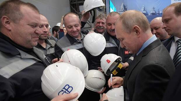 Российский лидер Владимир Путин расписался на касках рабочих судостроительного завода «Северная верфь».
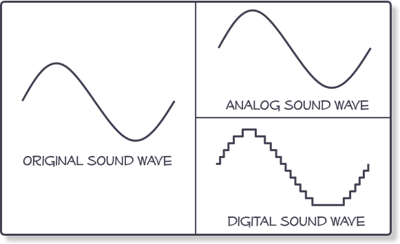 - Sound waves are analogue (meaning a continuous wave), but computers can only work with digital data.
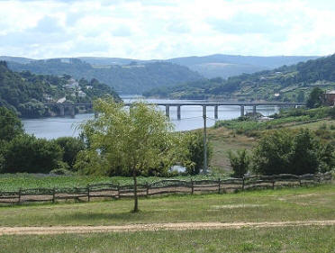Gegen halb vier Uhr erreichen wir die Anhöhe bei Portomarin. Es folgt ein steiler und langer Abstieg hinunter zum Stausee, der meiner bisher von mir so gepriesenen Kondition den Garaus macht. Meine Knie tun weh!!!! Und jetzt merke ich auch, dass meine alten hochverdienten Wanderschuhe, in denen ich seit Jahren problemlos gelaufen bin, mir zu klein geworden sind. Seit ich ein paar Kilo mehr auf die Waage bringe, sind meine Füße wohl etwas in die Breite und Länge gegangen… Sag ich's doch: Ich muss abnehmen! Die Zehen haben vorne zu wenig Platz, und das spürt man bergab besonders. Auaaaa!!!
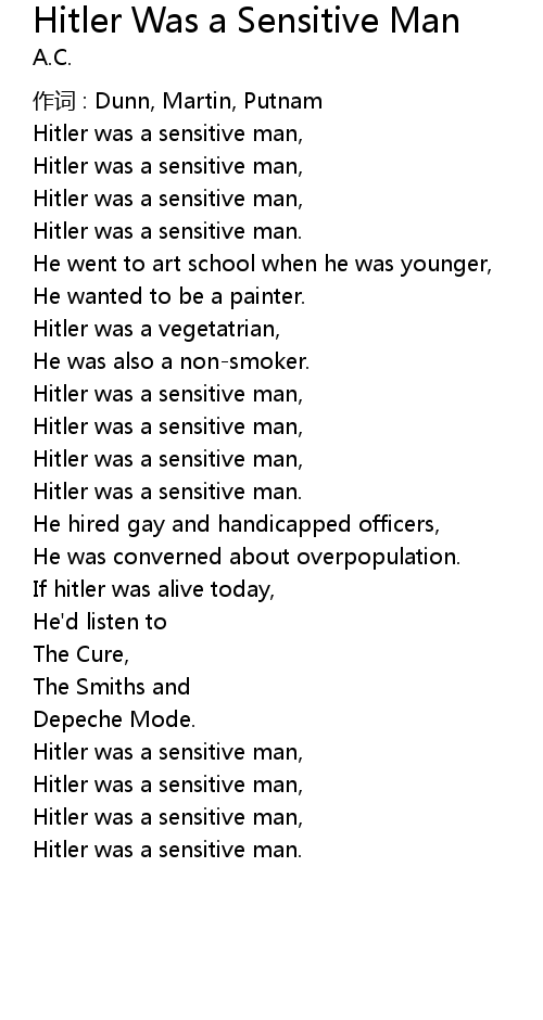 | Song | Hitler Was a Sensitive Man |
::::::::::
__WHAT TO WORK ON__
Could you set down the material above word for word while dropping its pictures?

__ANSWER TO THIS TASK__
 Российский лидер Владимир Путин расписался на касках рабочих судостроительного завода «Северная верфь».
 - Sound waves are analogue (meaning a continuous wave), but computers can only work with digital data.
Gegen halb vier Uhr erreichen wir die Anhöhe bei Portomarin. Es folgt ein steiler und langer Abstieg hinunter zum Stausee, der meiner bisher von mir so gepriesenen Kondition den Garaus macht. Meine Knie tun weh!!!! Und jetzt merke ich auch, dass meine alten hochverdienten Wanderschuhe, in denen ich seit Jahren problemlos gelaufen bin, mir zu klein geworden sind. Seit ich ein paar Kilo mehr auf die Waage bringe, sind meine Füße wohl etwas in die Breite und Länge gegangen… Sag ich's doch: Ich muss abnehmen! Die Zehen haben vorne zu wenig Platz, und das spürt man bergab besonders. Auaaaa!!!
 | Song | Hitler Was a Sensitive Man |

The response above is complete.